> Exercise material:
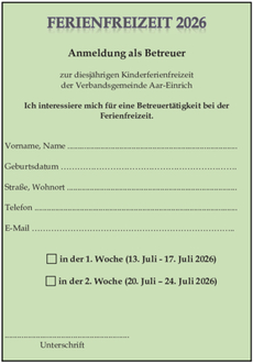 Wenn Sie Spaß daran haben, als Betreuer an der Ferienfreizeit mitzuwirken, können Sie sich mit dem abgedruckten Formular bei uns anmelden. Dieses Formular finden Sie auf unserer Homepage. Das Mindestalter für die Ausübung einer Tätigkeit als Betreuer beträgt 14 Jahre.
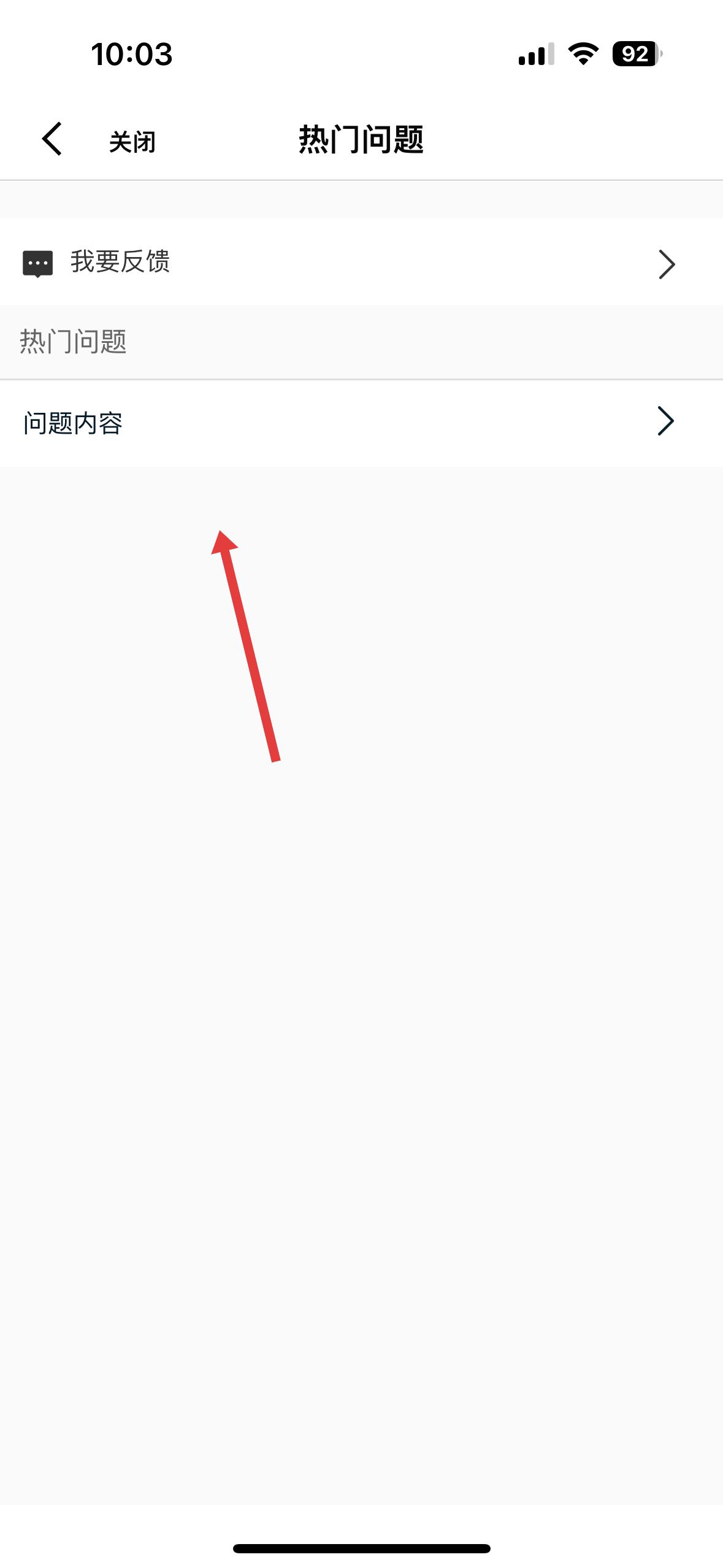3、熱門問題頁面,有我要反饋和問題內容等選項,用戶可在此反饋問題或查看熱門問題相關內容,頁面左上角還有關閉按鈕可退出該頁面。
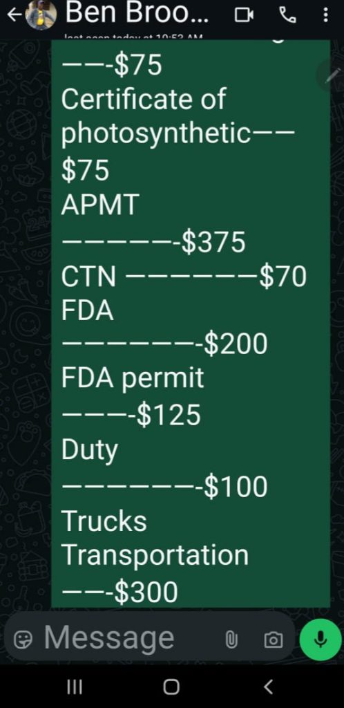 Other evidence suggests that not only Mr. Wesseh supports his daughter but also sells forged documents to other people. In a  WhatsApp message to a prospective customer, Mr. Wesseh shared a list of prices for several documents, including US$200 for an export permit and US$75 for a phytosanitary certificate. In all, Wesseh charged 2,370 to smuggle a 40-foot container.
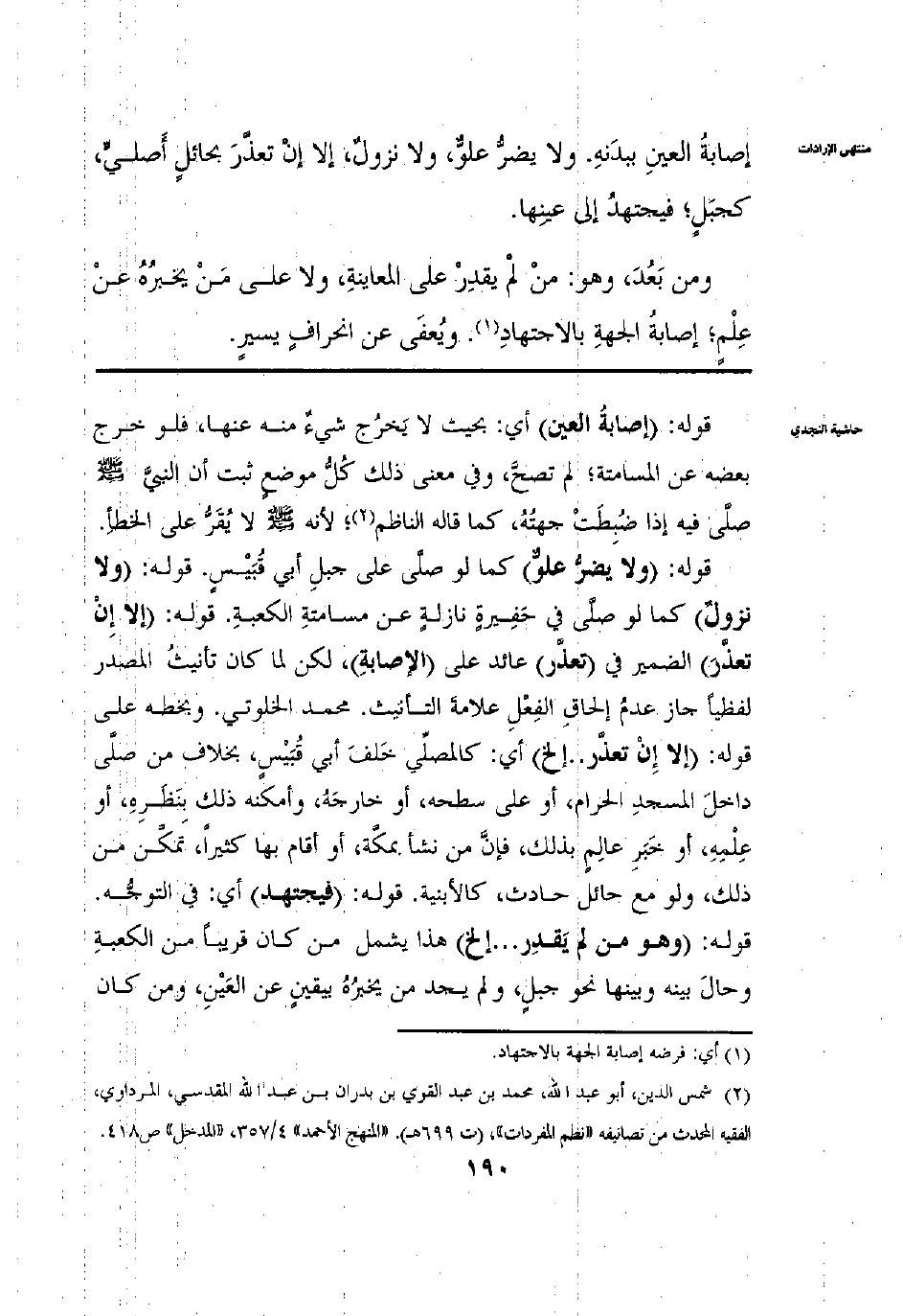 إصَابَةُ الْعَيْنِ بِبَدَنِهِ وَلَا يَضُرُّ عُلُوٌّ ونُزُولٌ إلَّا إنْ تَعَذَّرَ بِحَائِلٍ أَصْلِيٍّ كَجَبَلٍ فيَجْتَهِدُ إلَى عَيْنِهَا ومَنْ بَعُدَ هُوَ مَنْ لَمْ يَقْدِرْ عَلَى الْمُعَايَنَةِ لَا عَلَى مَنْ يُخْبِرُهُ عَنْ عِلْمِ إصَابَةِ الْجِهَةِ بِالِاجْتِهَادِ وَيُعْفَى عَنْ انْحِرَافٍ يَسِيرٍ
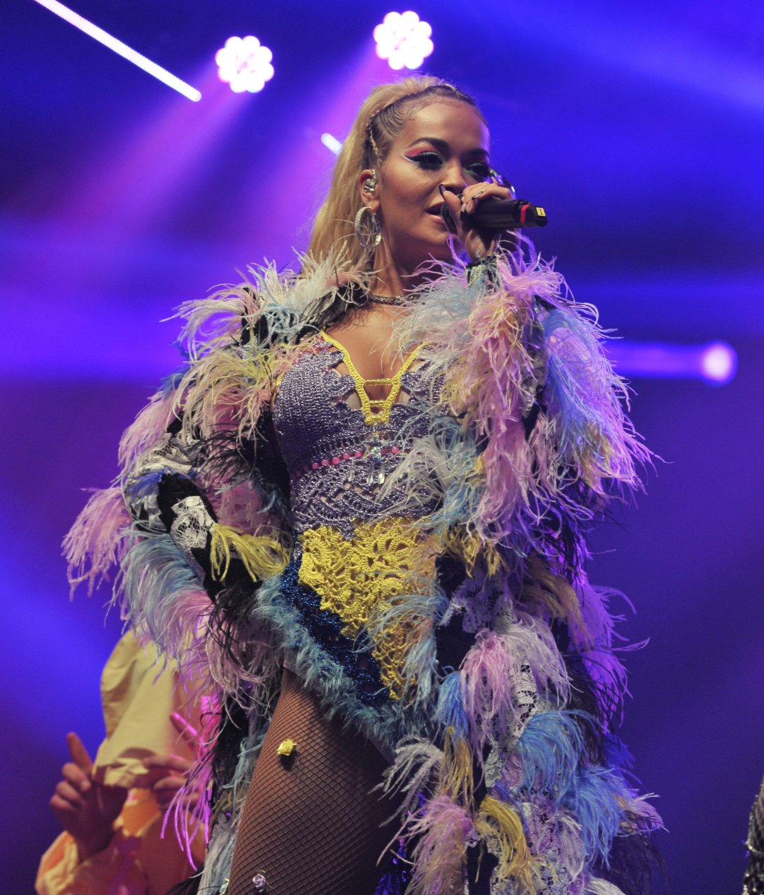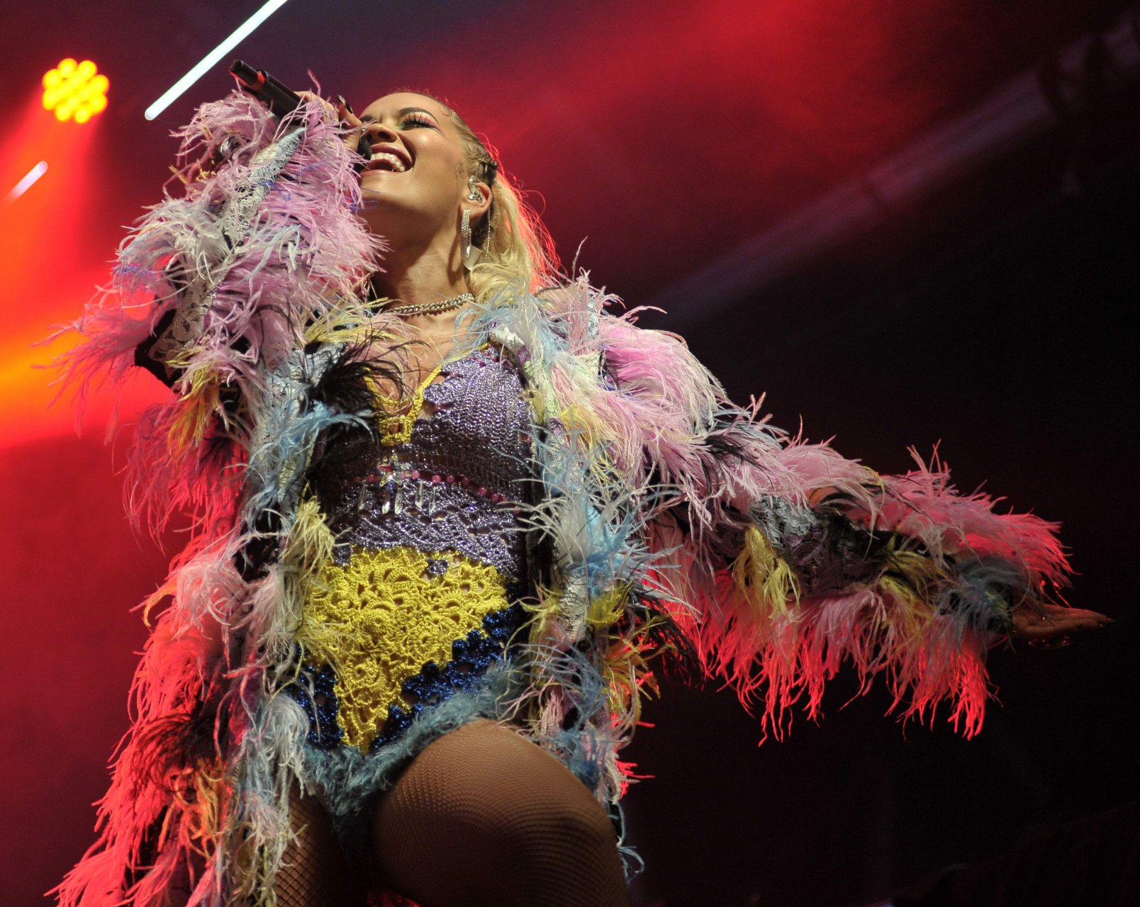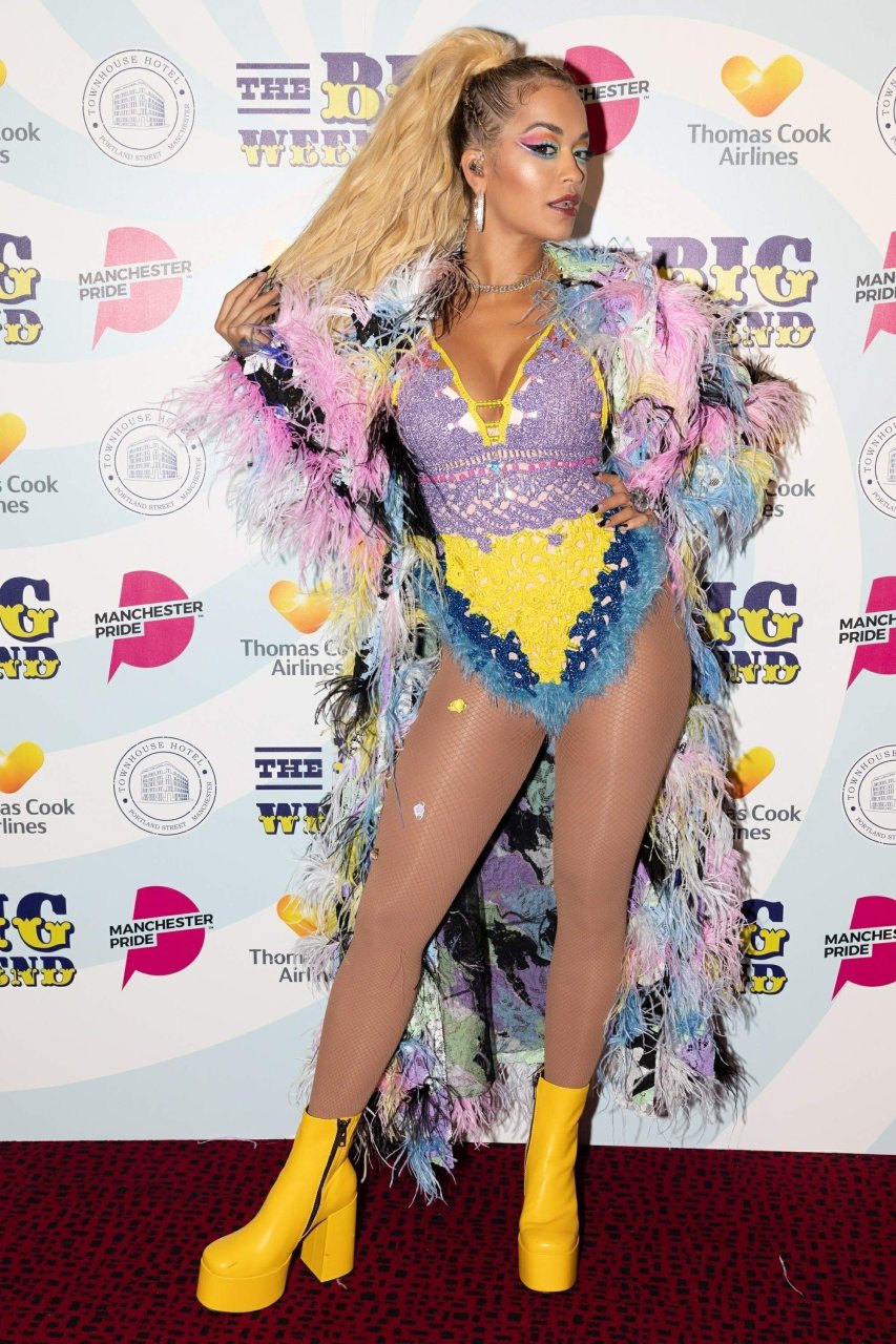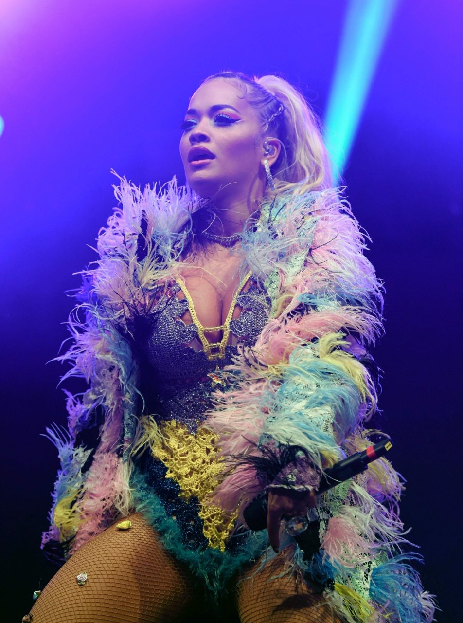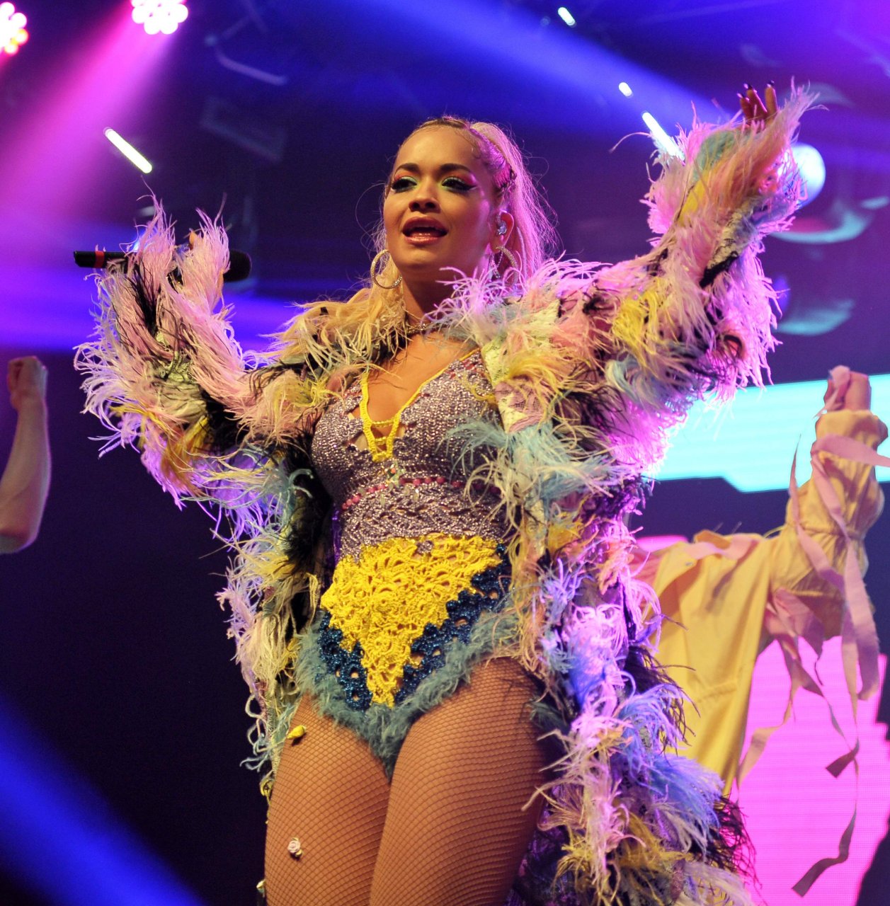 Rita Ora si esibisce sul Main Stage al Big Weekend 2018 di Manchester Pride a Londra, 26/08/2018. La cantante britannica di 27 anni ha scelto un outfit con piume e collant a rete.

> What is being asked: Could you retype the whole listing word for word, minus its pictures?

> Solution to the exercise:
 Wenn Sie Spaß daran haben, als Betreuer an der Ferienfreizeit mitzuwirken, können Sie sich mit dem abgedruckten Formular bei uns anmelden. Dieses Formular finden Sie auf unserer Homepage. Das Mindestalter für die Ausübung einer Tätigkeit als Betreuer beträgt 14 Jahre.
3、熱門問題頁面,有我要反饋和問題內容等選項,用戶可在此反饋問題或查看熱門問題相關內容,頁面左上角還有關閉按鈕可退出該頁面。
 Other evidence suggests that not only Mr. Wesseh supports his daughter but also sells forged documents to other people. In a  WhatsApp message to a prospective customer, Mr. Wesseh shared a list of prices for several documents, including US$200 for an export permit and US$75 for a phytosanitary certificate. In all, Wesseh charged 2,370 to smuggle a 40-foot container.
 إصَابَةُ الْعَيْنِ بِبَدَنِهِ وَلَا يَضُرُّ عُلُوٌّ ونُزُولٌ إلَّا إنْ تَعَذَّرَ بِحَائِلٍ أَصْلِيٍّ كَجَبَلٍ فيَجْتَهِدُ إلَى عَيْنِهَا ومَنْ بَعُدَ هُوَ مَنْ لَمْ يَقْدِرْ عَلَى الْمُعَايَنَةِ لَا عَلَى مَنْ يُخْبِرُهُ عَنْ عِلْمِ إصَابَةِ الْجِهَةِ بِالِاجْتِهَادِ وَيُعْفَى عَنْ انْحِرَافٍ يَسِيرٍ
 Rita Ora si esibisce sul Main Stage al Big Weekend 2018 di Manchester Pride a Londra, 26/08/2018. La cantante britannica di 27 anni ha scelto un outfit con piume e collant a rete.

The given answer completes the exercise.